Jeff Sessions Considering Running for Senate: Reports

Jeff Sessions Considering Running for Senate: Reports
Attorney General Jeff Sessions in Washington on May 3, 2018. (Samira Bouaou/The Epoch Times)
Zachary Stieber
10/29/2019
Updated:
10/29/2019

Former Sen. Jeff Sessions (R-Ala.) is reportedly considering a run for the U.S. Senate seat in Alabama he vacated to become President Donald Trump’s attorney general.

Three Republicans who weren’t identified told The Associated Press that Sessions is exploring the possibility, including making phone calls discussing the potential bid.

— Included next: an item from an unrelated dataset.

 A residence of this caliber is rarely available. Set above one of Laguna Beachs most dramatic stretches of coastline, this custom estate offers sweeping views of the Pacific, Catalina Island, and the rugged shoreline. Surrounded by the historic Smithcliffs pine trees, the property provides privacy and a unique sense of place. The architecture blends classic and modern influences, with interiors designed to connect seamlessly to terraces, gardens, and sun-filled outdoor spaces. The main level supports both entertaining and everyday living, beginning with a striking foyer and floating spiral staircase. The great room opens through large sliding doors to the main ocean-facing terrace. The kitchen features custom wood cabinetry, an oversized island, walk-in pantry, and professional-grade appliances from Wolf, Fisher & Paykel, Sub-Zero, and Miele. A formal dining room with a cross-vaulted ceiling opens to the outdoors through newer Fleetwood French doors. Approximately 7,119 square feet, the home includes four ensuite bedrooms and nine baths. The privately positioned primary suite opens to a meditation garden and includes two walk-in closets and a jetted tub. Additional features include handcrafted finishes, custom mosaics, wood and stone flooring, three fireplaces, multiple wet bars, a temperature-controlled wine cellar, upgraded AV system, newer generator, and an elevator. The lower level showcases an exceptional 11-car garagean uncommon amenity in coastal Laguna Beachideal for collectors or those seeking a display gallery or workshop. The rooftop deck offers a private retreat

Multiple Republicans familiar with the matter told Politico that Sessions is considering a campaign.

“We are hearing that Sessions is seriously considering running for Senate again and that polling indicates he would be in very good shape. The Club for Growth has in the past and would once again encourage him to run for that Senate seat,” David McIntosh, president of the Club for Growth, said.

“We were enthusiastic way back early on, that Sessions, when he retired from the attorney general spot, might go back to the Senate. At that point, he didn’t want to think about that because he was just finishing up one job. I’m very encouraged he’s now seriously considering it.”

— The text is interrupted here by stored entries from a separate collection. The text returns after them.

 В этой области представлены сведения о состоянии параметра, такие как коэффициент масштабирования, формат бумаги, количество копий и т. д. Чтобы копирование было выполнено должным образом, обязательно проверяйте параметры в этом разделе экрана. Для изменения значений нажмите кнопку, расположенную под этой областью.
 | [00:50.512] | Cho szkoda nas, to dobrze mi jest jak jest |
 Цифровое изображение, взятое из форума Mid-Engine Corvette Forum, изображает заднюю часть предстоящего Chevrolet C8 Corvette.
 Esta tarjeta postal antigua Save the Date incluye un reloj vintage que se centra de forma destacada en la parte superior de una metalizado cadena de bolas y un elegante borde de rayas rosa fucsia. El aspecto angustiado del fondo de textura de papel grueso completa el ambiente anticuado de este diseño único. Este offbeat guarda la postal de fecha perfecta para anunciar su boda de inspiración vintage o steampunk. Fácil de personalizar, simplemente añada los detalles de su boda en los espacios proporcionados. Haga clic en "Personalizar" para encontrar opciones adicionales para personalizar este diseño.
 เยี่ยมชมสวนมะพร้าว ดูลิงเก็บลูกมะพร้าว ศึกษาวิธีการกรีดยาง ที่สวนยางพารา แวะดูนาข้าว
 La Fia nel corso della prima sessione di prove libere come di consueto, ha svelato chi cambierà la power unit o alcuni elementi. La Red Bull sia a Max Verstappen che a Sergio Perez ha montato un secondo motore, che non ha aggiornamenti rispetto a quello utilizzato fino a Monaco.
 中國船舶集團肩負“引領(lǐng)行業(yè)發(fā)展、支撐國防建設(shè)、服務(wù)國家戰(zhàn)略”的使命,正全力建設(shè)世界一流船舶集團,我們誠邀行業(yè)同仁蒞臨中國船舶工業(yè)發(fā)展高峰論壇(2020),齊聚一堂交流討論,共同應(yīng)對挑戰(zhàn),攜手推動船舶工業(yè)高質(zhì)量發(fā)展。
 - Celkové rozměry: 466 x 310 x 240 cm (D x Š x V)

Sessions has until 5 p.m. on Nov. 8 to declare his candidacy; the primary vote is slated for March 3, 2020.

Sessions, 72, would be vying with a slew of Republican candidates in the primary race, including Rep. Bradley Byrne, state Rep. Arnold Mooney, and Alabama Secretary of State John Merrill.

Alabama Rep. Bradley Byrne in a file photograph. (AP Photo/AL.com, Mike Kittrell)
Alabama Rep. Bradley Byrne in a file photograph. (AP Photo/AL.com, Mike Kittrell)

But Sessions would likely become one of the top candidates if not the top.

“I suspect Sessions would become an immediate front-runner if he were to enter the race,” said David Hughes, a political scientist at Auburn University in Montgomery, told The Associated Press.

Merrill said Sessions entering “would change the dynamic of the race dramatically” and force each candidate to decide what to do.

Sessions won the 2014 race without opposition and the 2008 election with more than 63 percent of the vote.

Trump fired Sessions on Nov. 7, 2018. That day, the president said in a statement: “We thank Attorney General Jeff Sessions for his service, and wish him well!”

But Trump also expressed negativity when speaking about Sessions, who recused himself from the Trump–Russia investigation.

“The Russian Witch Hunt Hoax continues, all because Jeff Sessions didn’t tell me he was going to recuse himself...I would have quickly picked someone else,” Trump wrote on June 5, 2018. “So much time and money wasted, so many lives ruined...and Sessions knew better than most that there was No Collusion!”